Segment Start: GIVEN RECORDS

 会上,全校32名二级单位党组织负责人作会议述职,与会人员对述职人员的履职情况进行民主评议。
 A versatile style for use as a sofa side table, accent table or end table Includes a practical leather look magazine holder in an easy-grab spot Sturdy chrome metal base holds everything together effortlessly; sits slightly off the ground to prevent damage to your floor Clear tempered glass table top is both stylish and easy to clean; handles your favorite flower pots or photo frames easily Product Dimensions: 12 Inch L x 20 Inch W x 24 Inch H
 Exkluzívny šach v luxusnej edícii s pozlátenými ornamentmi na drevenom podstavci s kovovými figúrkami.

Segment End: GIVEN RECORDS
Segment Start: GIVEN RECORDS

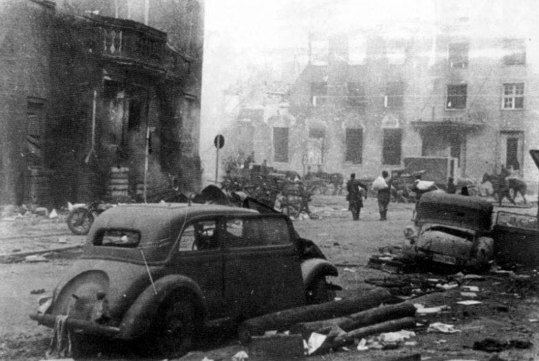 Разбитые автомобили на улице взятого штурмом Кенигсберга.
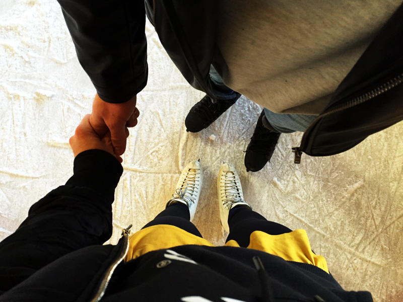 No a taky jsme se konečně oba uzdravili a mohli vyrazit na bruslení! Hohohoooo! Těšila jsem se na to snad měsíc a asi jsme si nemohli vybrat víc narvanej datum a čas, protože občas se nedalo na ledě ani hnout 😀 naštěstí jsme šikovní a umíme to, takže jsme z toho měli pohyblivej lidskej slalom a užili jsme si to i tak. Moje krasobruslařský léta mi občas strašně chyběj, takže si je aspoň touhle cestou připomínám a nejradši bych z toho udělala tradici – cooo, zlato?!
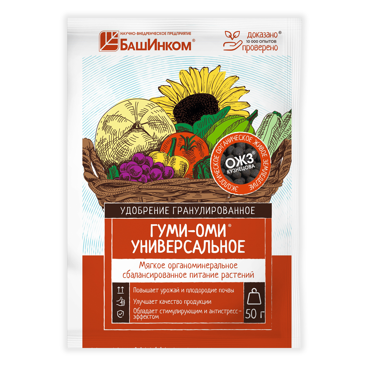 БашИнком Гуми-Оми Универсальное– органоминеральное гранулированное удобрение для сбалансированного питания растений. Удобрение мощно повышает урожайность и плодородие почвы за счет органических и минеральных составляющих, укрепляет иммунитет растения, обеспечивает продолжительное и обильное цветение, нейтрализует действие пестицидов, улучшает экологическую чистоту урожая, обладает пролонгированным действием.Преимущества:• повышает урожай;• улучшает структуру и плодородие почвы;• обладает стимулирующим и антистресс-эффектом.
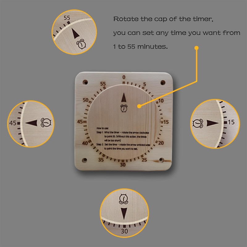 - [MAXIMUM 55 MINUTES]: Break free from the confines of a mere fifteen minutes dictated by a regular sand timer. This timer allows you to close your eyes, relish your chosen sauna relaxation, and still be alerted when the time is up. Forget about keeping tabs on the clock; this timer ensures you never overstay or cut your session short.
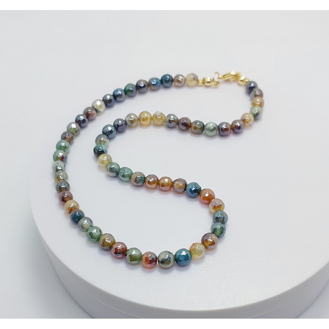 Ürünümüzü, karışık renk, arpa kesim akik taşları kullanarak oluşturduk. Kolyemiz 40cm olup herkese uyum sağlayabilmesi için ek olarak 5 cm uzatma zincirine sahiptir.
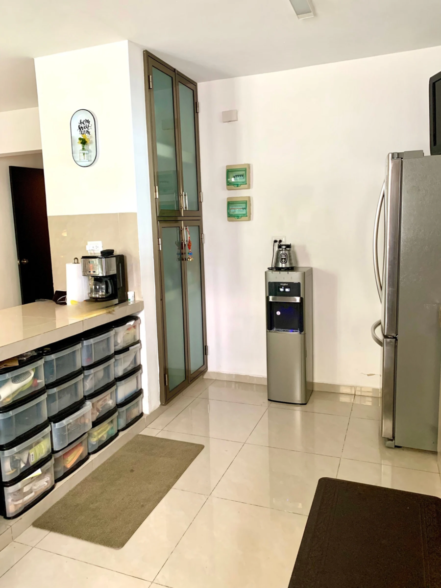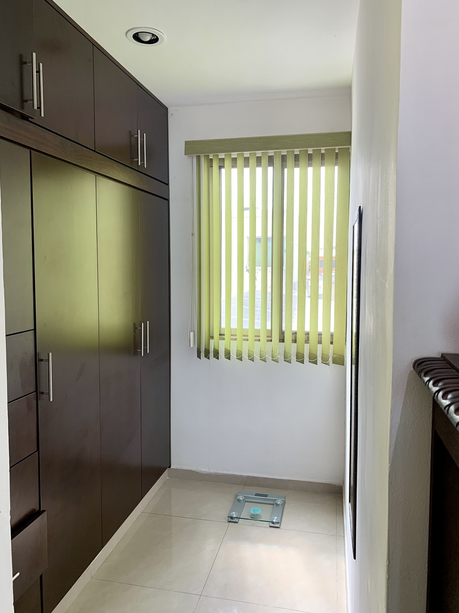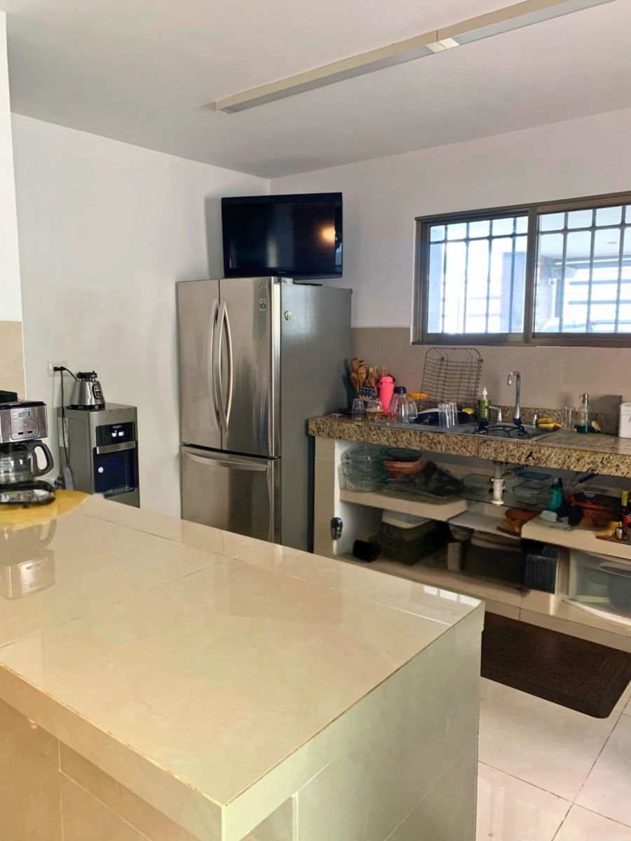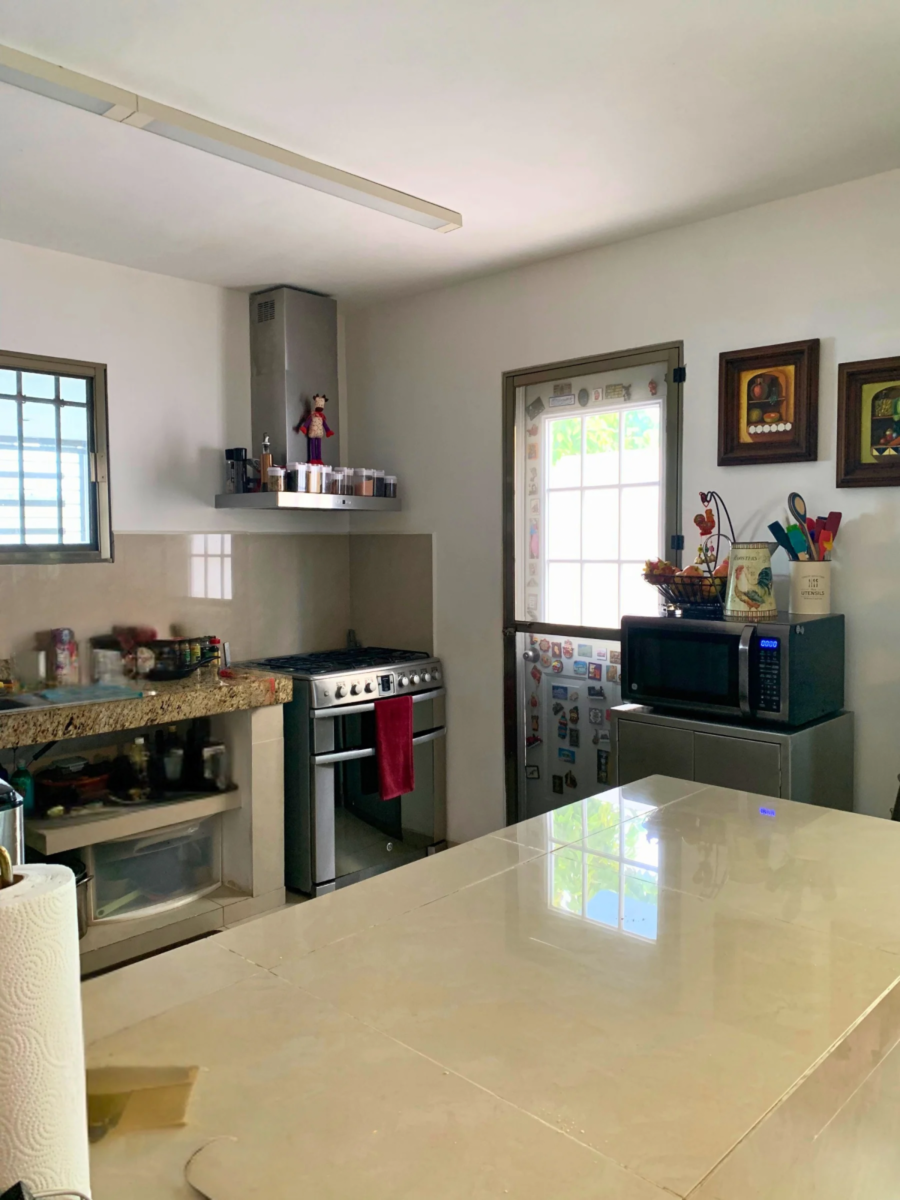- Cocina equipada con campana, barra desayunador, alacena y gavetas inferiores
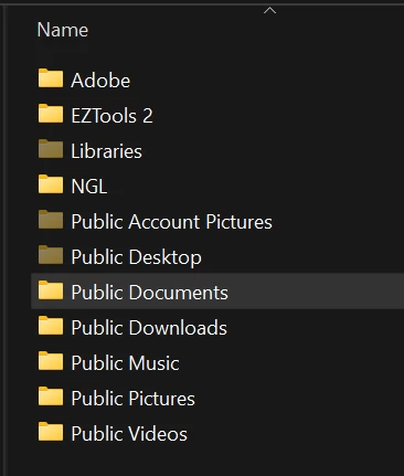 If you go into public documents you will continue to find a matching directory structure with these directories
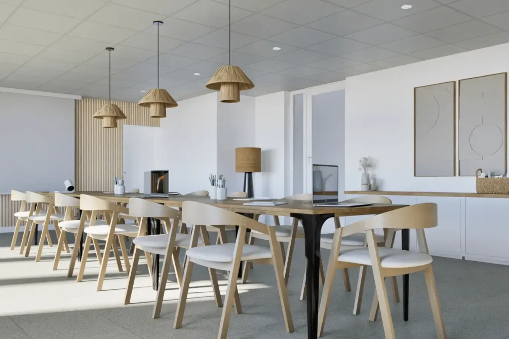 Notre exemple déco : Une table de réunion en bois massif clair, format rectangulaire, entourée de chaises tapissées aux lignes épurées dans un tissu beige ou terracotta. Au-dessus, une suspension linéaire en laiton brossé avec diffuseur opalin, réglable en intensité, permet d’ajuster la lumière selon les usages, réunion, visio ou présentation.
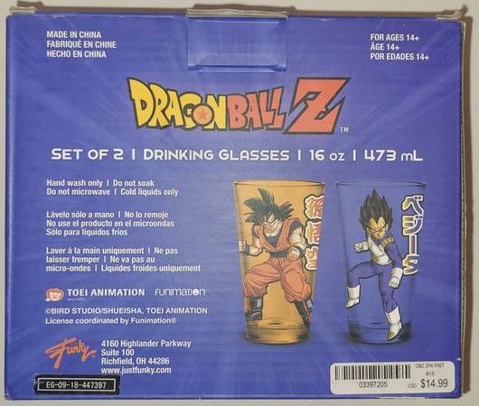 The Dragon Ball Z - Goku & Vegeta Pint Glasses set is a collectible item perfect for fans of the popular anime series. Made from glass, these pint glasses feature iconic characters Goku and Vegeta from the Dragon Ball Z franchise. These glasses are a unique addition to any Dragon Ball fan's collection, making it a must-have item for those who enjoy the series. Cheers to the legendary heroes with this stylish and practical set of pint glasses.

Segment End: GIVEN RECORDS
Segment Start: GIVEN RECORDS

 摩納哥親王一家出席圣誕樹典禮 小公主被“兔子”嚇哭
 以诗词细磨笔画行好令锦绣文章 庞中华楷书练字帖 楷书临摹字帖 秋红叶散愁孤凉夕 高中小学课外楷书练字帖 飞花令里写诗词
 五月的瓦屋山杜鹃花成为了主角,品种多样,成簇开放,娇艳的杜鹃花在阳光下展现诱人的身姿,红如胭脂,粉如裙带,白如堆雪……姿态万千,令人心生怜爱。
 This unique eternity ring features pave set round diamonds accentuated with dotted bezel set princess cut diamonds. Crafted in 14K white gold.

Segment End: GIVEN RECORDS

## EXERCISE REQUIREMENTS:
After locating the line holding "会上,全校32名二级单位党组" above, output exactly that line and every line after it through the line holding "Exkluzívny šach v". Include nothing else.

## EXERCISE SOLUTION:
 会上,全校32名二级单位党组织负责人作会议述职,与会人员对述职人员的履职情况进行民主评议。
 A versatile style for use as a sofa side table, accent table or end table Includes a practical leather look magazine holder in an easy-grab spot Sturdy chrome metal base holds everything together effortlessly; sits slightly off the ground to prevent damage to your floor Clear tempered glass table top is both stylish and easy to clean; handles your favorite flower pots or photo frames easily Product Dimensions: 12 Inch L x 20 Inch W x 24 Inch H
 Exkluzívny šach v luxusnej edícii s pozlátenými ornamentmi na drevenom podstavci s kovovými figúrkami.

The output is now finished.